Davis was questioned for two hours in the restaurant parking lot. She was terrified and urinated on herself. Federal agents and the NASA investigator wouldn’t let her clean up, change, or sit down, and every time she shifted in place during her interrogation, she was prodded or shoved and admonished, according to a 9th Circuit Court of Appeals ruling granting Davis permission to sue the investigator.
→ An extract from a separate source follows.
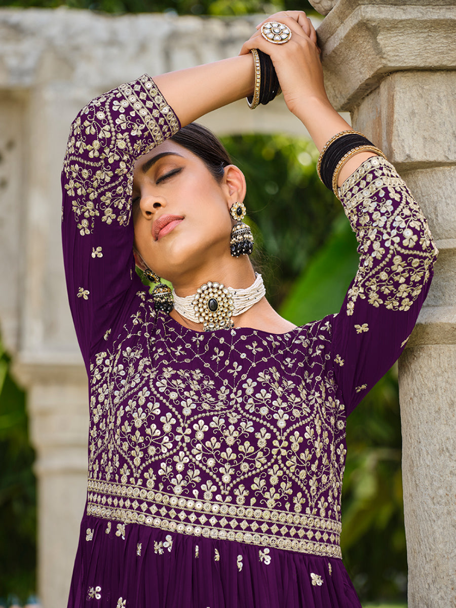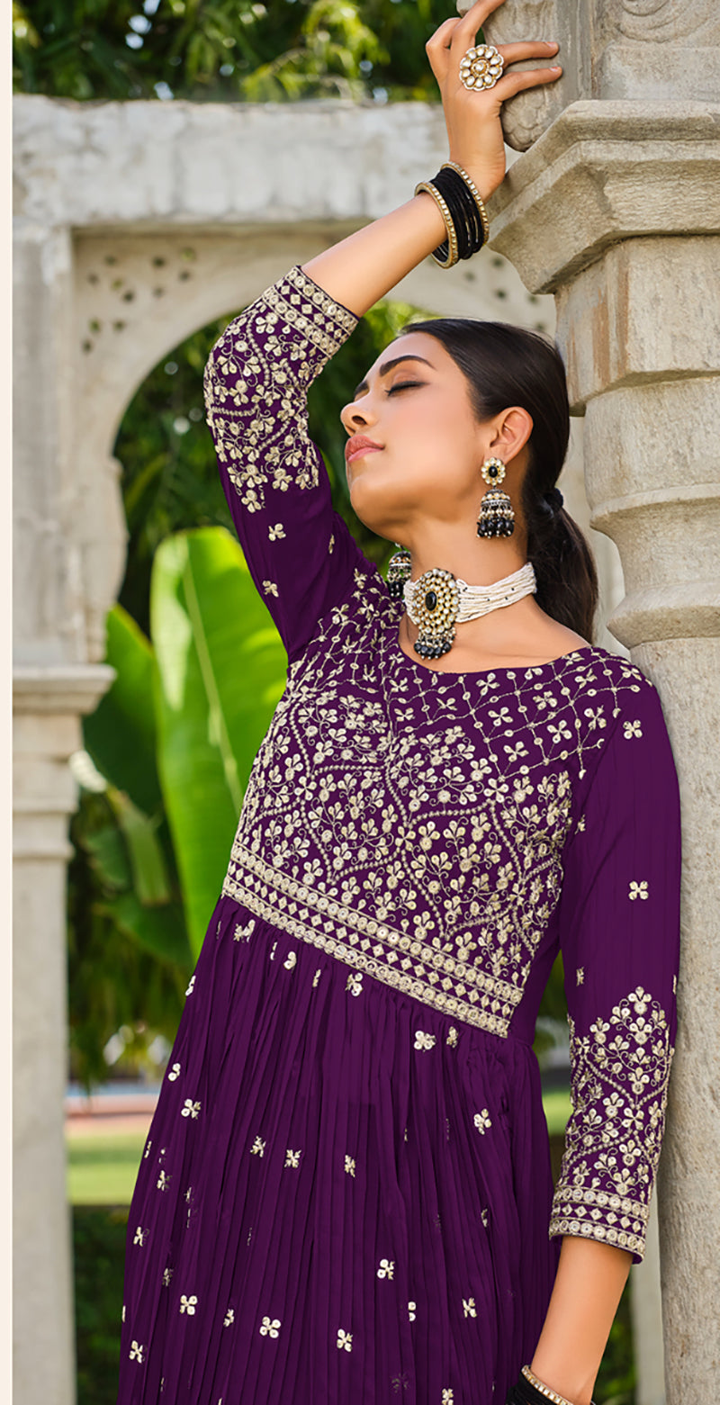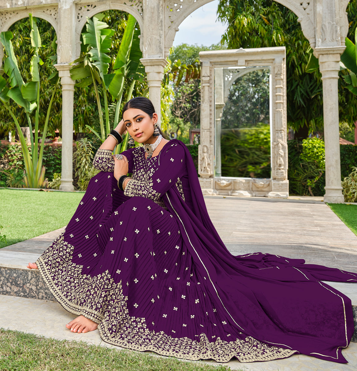 Monjolika Fashion Presents Appear stunningly engaging in this Purple Color Georgette salwar kameez. The appealing embroidered work a significant element of this attire. Comes with matching Santoon bottom and Georgette dupatta.

Cicco wants to avoid such troubles. She argues that she received her moon dust from her father, Tom Murray, when she was 10 years old and should now be declared the rightful owner. Murray was a pilot who became friends with Armstrong. He secured the material for his child when they, and Armstrong, lived in Cincinnati in the 1970s. It came with a note scribbled on the back of one of Murray’s business cards, saying: “To Laura Ann Murray—Best of luck—Neil Armstrong Apollo 11.”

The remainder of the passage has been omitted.